Above, a flint barbed & tanged arrowhead of the Beaker Culture, that I found and recorded during a surface collection survey some years ago.

Archaeologists studying the artifact culture in Britain, compared the British finds to those on the Continent in order to try to find an origin for these people.  They suggested either Brittany in North West France, or the Lower Rhine Valley, in the Netherlands and Northern Germany.  Some alternatively promoted Iberia as the origin.

Then British Archaeology entered an intellectual phase where it became fashionable to dismiss migration or invasions of people, in favour of cultural exchange.  Pots not People.  Rather like today, we British wear denim, t-shirts, listen to R&B, and drink coke.  However, we have not been displaced by North Americans - we just absorbed the artifacts of another culture.  From the 1970s on, many late prehistoric migrations were dismissed by British archaeologists as cultural exchanges rather than representing population displacement.

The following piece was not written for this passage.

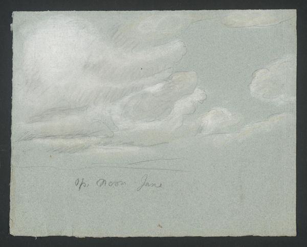 Curator: There's a distinct sense of foreboding in this sketch, a pastel work by Thomas Kerrich, dating back to the late 18th or early 19th century, now held at the Tate. Editor: The looming clouds, dominating the tiny structure below, definitely create that effect. I wonder about their symbolic weight—are they simply clouds, or something more allegorical? Curator: Clouds often represent transitions, change, even divine power in art. Perhaps Kerrich uses them to evoke the sublime, a popular concept at the time, tapping into the awe and terror of nature. Editor: I find it intriguing how such a small piece, barely larger than a postcard, can conjure such vastness. It reflects a growing interest in the natural world and its representation during that era, certainly. Curator: Exactly. Consider the period—enlightenment ideas about nature, and the artist's role in capturing its essence—all come to bear here. Editor: Seeing how art grapples with environmental anxieties, even centuries ago, gives me a fresh perspective.

2. The New Population Genetics and the Steppe Pastoralists.

A new field of study has been gathering pace with the arrival of the 21st Century, that uses genetic evidence, to explore past migrations, movements, admixtures, and origins of peoples.  The earliest pioneers used blood types, then mitochondrial DNA mutations, followed by STR of Y-DNA.  Some of the early conclusions supported the new orthodoxy of British Archaeology.  Stephen Oppenheimer's infamous publication "The Origins of the British" championed that there had been little change in British populations since the Ice Age.  They were to be proven wrong.  Early conclusions, based on little evidence, misunderstandings that were later corrected with more data, seriously damaged the reputation of population genetics in British prehistoric studies.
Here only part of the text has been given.